Chakraborty also flagged Clause 28 of the bill, which states that social media intermediaries, classified as significant data fiduciaries should provide users with the option of voluntarily verifying their accounts in a manner as may be further prescribed by the government. Users who choose to voluntarily verify their accounts would be provided with a visible mark of verification, possibly a tick alongside their profile header, similar to the one currently employed by several mobile apps. Authorities have stated that this would decrease anonymity on social media and consequently, guard against online trolling and cyber abuse.
“There has been some push to make this verification of users on social media mandatory. Whether that happens and what means of verification are made available by the government remains to be seen. Ideally, this legislation should not delve into this aspect. This will be better suited as a provision in the IT Act, especially when we are looking to tackle cyber abuse,” Chakraborty added.
Another suggestion made in consultation meetings on the bill was about reconsidering the age limit for classifying a user as a ‘child’. The PDP Bill states that for users below 18 years of age, data fiduciaries would have to obtain the consent of their parent/guardian before processing their data. However, as pointed out by Chakraborty, usage of tech platforms and mobile apps is common among teens. Experts have said that children are equipped with the technical prowess to navigate the waters of the internet. For authorities, the concern is rising cases of cyberattacks against children.

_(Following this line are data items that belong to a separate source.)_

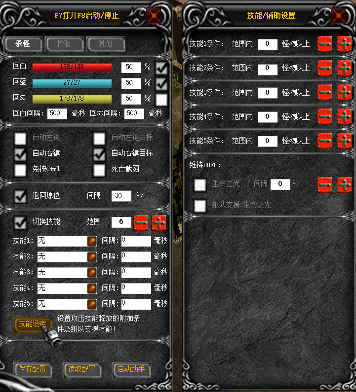 F5助手适合PK快速喝血瓶,开局适合物理挂机打怪手动挂机砍怪F6启动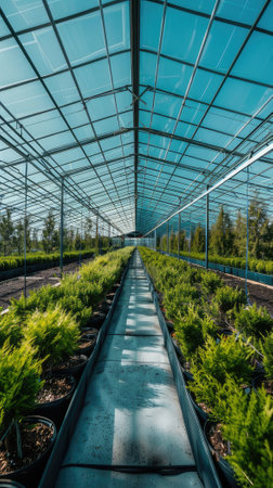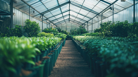 Explore the serene atmosphere of a modern greenhouse filled with lush plants. The soft lighting enhances the tranquil environment, showcasing supportive growth and sustainability in agriculture.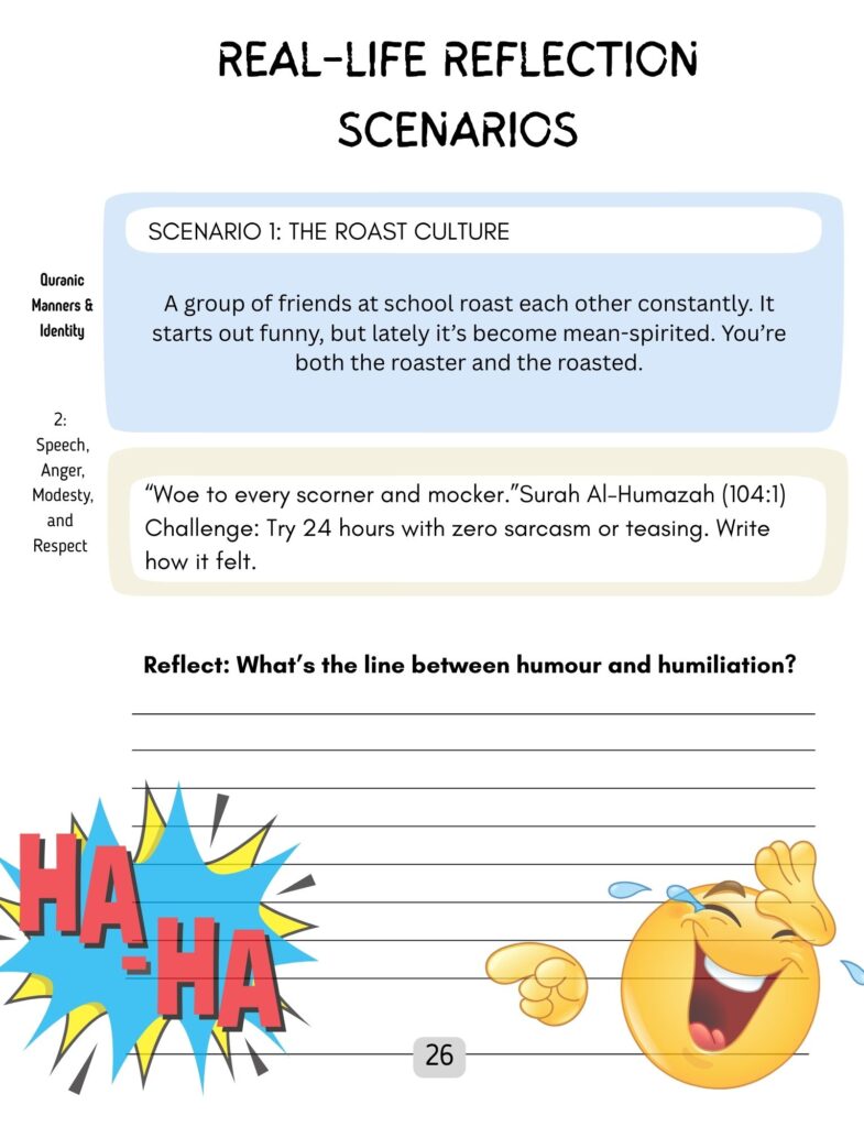 Through relatable characters (Ayesha & Muhammad), children explore everyday moral situations.

“In consultation meetings, people suggested that a child should be defined as someone below the age of 16, instead of the current 18, at par with the legal age in the data privacy legislation for the European Union (EU). But the Srikrishna Committee didn’t budge from its decision,” Chakraborty said.
Given that the bill places certain restrictions on how the data of children is to be dealt with, a high age limit could make compliance unfeasible.
It’s Been Too Long
Tech experts have previously told Inc42 that the slow progress of the PDP Bill has meant that matters relating to data privacy of Indian users are subjected to an exhausting process of PILs filed by members of the public, growing paranoia on social media about privacy violations, and the government overstepping its bounds for the regulation of technology.
But the Indian government can barely claim the moral high ground in safeguarding personal data privacy. Consider the various data breaches that have left millions of user Aadhaar records jeopardised. Or the fact that the central government approved its Health Data Management Policy — for collecting citizens’ data as part of the National Digital Health Mission — before the passing of the PDP Bill.
“We have to start somewhere. This bill has been in the works for a long time. The passing of the bill, with or without the needed amendments, would spark a debate about what needs to be added. Experts and civil society organisations will spring into action and the courts will do their work. The bill will continue to evolve,” Chakraborty summed up.